[SOURCE RECORDS Boundary: Start]

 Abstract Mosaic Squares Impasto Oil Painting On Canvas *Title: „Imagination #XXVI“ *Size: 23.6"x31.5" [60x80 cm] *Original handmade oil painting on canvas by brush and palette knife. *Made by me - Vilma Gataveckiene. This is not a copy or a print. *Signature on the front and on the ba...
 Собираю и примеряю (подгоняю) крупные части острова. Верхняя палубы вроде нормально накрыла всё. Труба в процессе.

[SOURCE RECORDS Boundary: End]
[SOURCE RECORDS Boundary: Start]

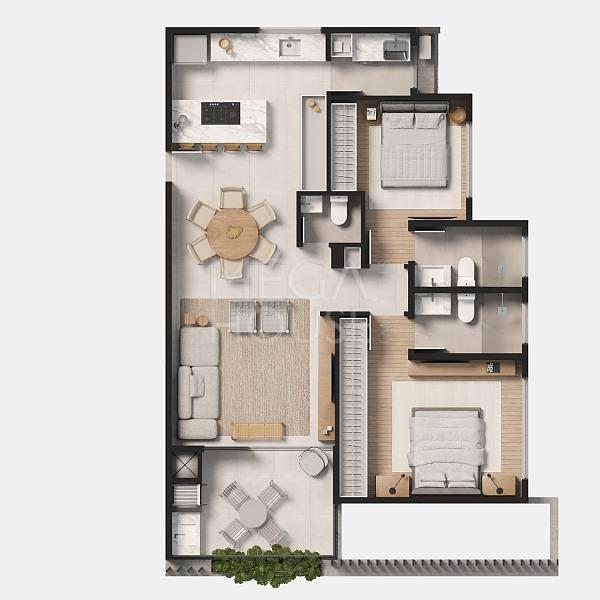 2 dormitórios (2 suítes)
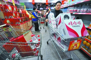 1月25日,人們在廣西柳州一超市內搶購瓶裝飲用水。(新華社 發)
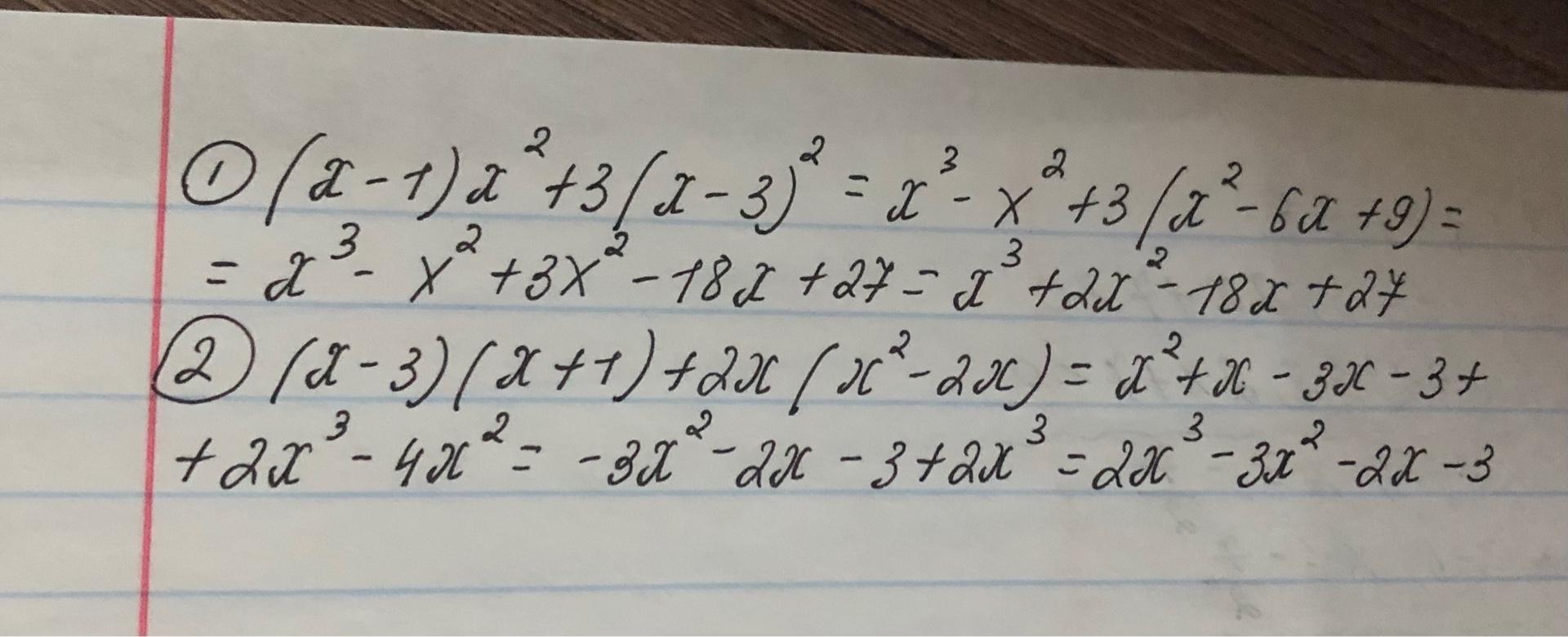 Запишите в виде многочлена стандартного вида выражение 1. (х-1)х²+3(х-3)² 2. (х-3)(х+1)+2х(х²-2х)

[SOURCE RECORDS Boundary: End]
[SOURCE RECORDS Boundary: Start]

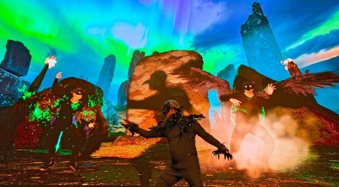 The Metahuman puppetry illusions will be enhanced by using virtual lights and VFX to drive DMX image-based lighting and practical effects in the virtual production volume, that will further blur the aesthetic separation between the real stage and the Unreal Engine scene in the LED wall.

[SOURCE RECORDS Boundary: End]

• **ASSIGNMENT**
In the entries above, the lines from the one bearing "Abstract Mosaic Squares" up to and including the one bearing "Собираю и примеряю" should be transcribed exactly; no other line is wanted.

• **FINISHED EXERCISE**
 Abstract Mosaic Squares Impasto Oil Painting On Canvas *Title: „Imagination #XXVI“ *Size: 23.6"x31.5" [60x80 cm] *Original handmade oil painting on canvas by brush and palette knife. *Made by me - Vilma Gataveckiene. This is not a copy or a print. *Signature on the front and on the ba...
 Собираю и примеряю (подгоняю) крупные части острова. Верхняя палубы вроде нормально накрыла всё. Труба в процессе.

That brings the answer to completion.